** Opening EXERCISE INPUT block **

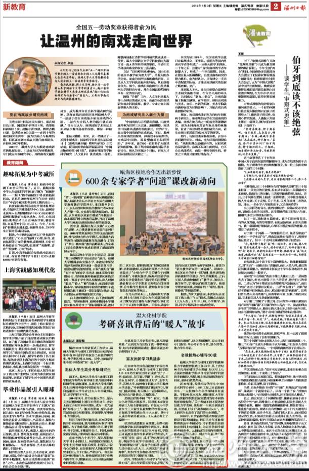优异的成绩源自连续性、全程化的实践教学体系和浓郁的考研氛围。据温大化材学院党委书记方乐平介绍,学院历来高度注重学生科研意识的培养,大一开设“责任 成长 成才”的名师导航课程,巩固学生化学专业思想;大二实施“科研训练计划”,并作为一门必修课程,旨在提高学生的科研思维与动手能力;在大三、大四实行“科研导师制”,积极组织学生参加各类型学科竞赛,培养良好的学习和研究习惯。
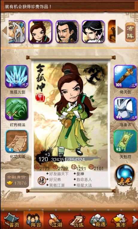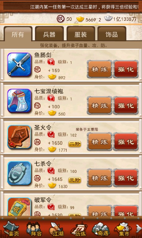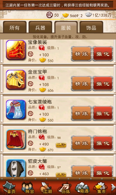 行走江湖没有一身好行头如何能行侠仗义?大掌门的装备一共有三种分别为:武器、服饰、和饰品,装备的品质有甲、乙、丙、丁四中品质,其中甲级装备属性最好。装备的获得可以通过闯江湖掉落,各种活动、或者开宝箱获得,想要成为第一巨侠好装备也是必不可少的哦!
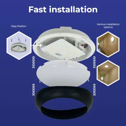 Lighting with a built-in emergency lighting unit (battery) continues to burn for a certain time if the power fails. |
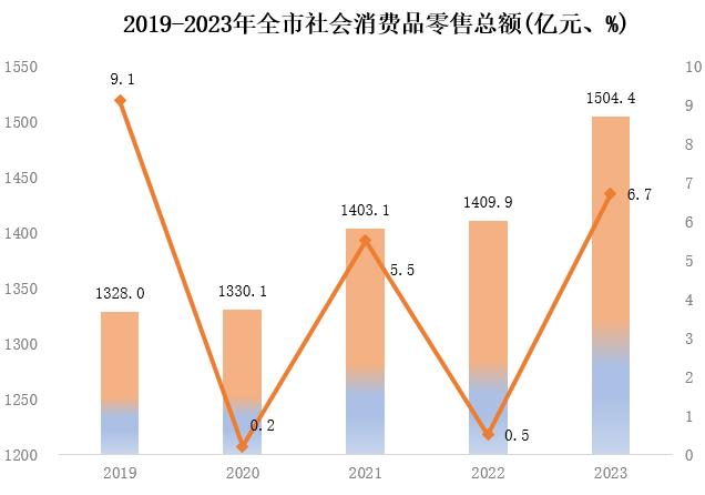 全年社會(huì)消費(fèi)品零售總額1504.4億元,同比增長(zhǎng)6.7%。分城鄉(xiāng)看,城鎮(zhèn)市場(chǎng)實(shí)現(xiàn)零售額1269.9億元,增長(zhǎng)6.4%;鄉(xiāng)村市場(chǎng)實(shí)現(xiàn)零售額234.5億元,增長(zhǎng)8.2%,鄉(xiāng)村市場(chǎng)增速快于城鎮(zhèn)市場(chǎng)1.8個(gè)百分點(diǎn)。
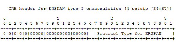 Type I的ERSPAN帧直接将IP+GRE封装在原始镜像帧头部之上,这种封装方式在原始帧之上增加了38字节:14(MAC) + 20 (IP) + 4(GRE)。这种格式的优势在于其头部尺寸紧凑,减少传输过程的开支,但因为其将 GRE Flag和Version字段全部设置为0,即不携带任何拓展字段,也导致Type I并没有大规模应用,这里就不过多展开。
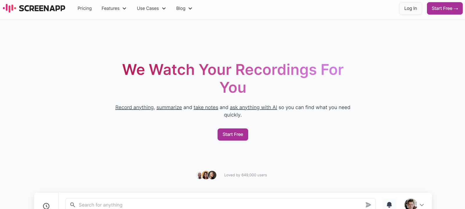 ScreenApp is an advanced AI tool designed to simplify the process of recording, summarizing, and managing video and audio content. It offers a range of features that enhance productivity by automating note-taking, summarization, and transcription. Users can capture their screen, voice, and webcam with just a click, making it an ideal solution for professionals and educators.
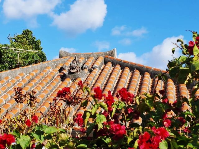 赤瓦の屋根。乗っかっているシーサー。ブーゲンビリアの道。たわわに生っているバナナ。途中、ガイドの男性は、三線(さんしん)を弾き、沖縄民謡や島唄などを歌ってくれた。

** Closing EXERCISE INPUT block **

_EXERCISE DIRECTIONS_
Output a verbatim copy of all entries above; no pictures go in it.

_RESULT BELOW_
优异的成绩源自连续性、全程化的实践教学体系和浓郁的考研氛围。据温大化材学院党委书记方乐平介绍,学院历来高度注重学生科研意识的培养,大一开设“责任 成长 成才”的名师导航课程,巩固学生化学专业思想;大二实施“科研训练计划”,并作为一门必修课程,旨在提高学生的科研思维与动手能力;在大三、大四实行“科研导师制”,积极组织学生参加各类型学科竞赛,培养良好的学习和研究习惯。
 行走江湖没有一身好行头如何能行侠仗义?大掌门的装备一共有三种分别为:武器、服饰、和饰品,装备的品质有甲、乙、丙、丁四中品质,其中甲级装备属性最好。装备的获得可以通过闯江湖掉落,各种活动、或者开宝箱获得,想要成为第一巨侠好装备也是必不可少的哦!
 Lighting with a built-in emergency lighting unit (battery) continues to burn for a certain time if the power fails. |
 全年社會(huì)消費(fèi)品零售總額1504.4億元,同比增長(zhǎng)6.7%。分城鄉(xiāng)看,城鎮(zhèn)市場(chǎng)實(shí)現(xiàn)零售額1269.9億元,增長(zhǎng)6.4%;鄉(xiāng)村市場(chǎng)實(shí)現(xiàn)零售額234.5億元,增長(zhǎng)8.2%,鄉(xiāng)村市場(chǎng)增速快于城鎮(zhèn)市場(chǎng)1.8個(gè)百分點(diǎn)。
 Type I的ERSPAN帧直接将IP+GRE封装在原始镜像帧头部之上,这种封装方式在原始帧之上增加了38字节:14(MAC) + 20 (IP) + 4(GRE)。这种格式的优势在于其头部尺寸紧凑,减少传输过程的开支,但因为其将 GRE Flag和Version字段全部设置为0,即不携带任何拓展字段,也导致Type I并没有大规模应用,这里就不过多展开。
 ScreenApp is an advanced AI tool designed to simplify the process of recording, summarizing, and managing video and audio content. It offers a range of features that enhance productivity by automating note-taking, summarization, and transcription. Users can capture their screen, voice, and webcam with just a click, making it an ideal solution for professionals and educators.
 赤瓦の屋根。乗っかっているシーサー。ブーゲンビリアの道。たわわに生っているバナナ。途中、ガイドの男性は、三線(さんしん)を弾き、沖縄民謡や島唄などを歌ってくれた。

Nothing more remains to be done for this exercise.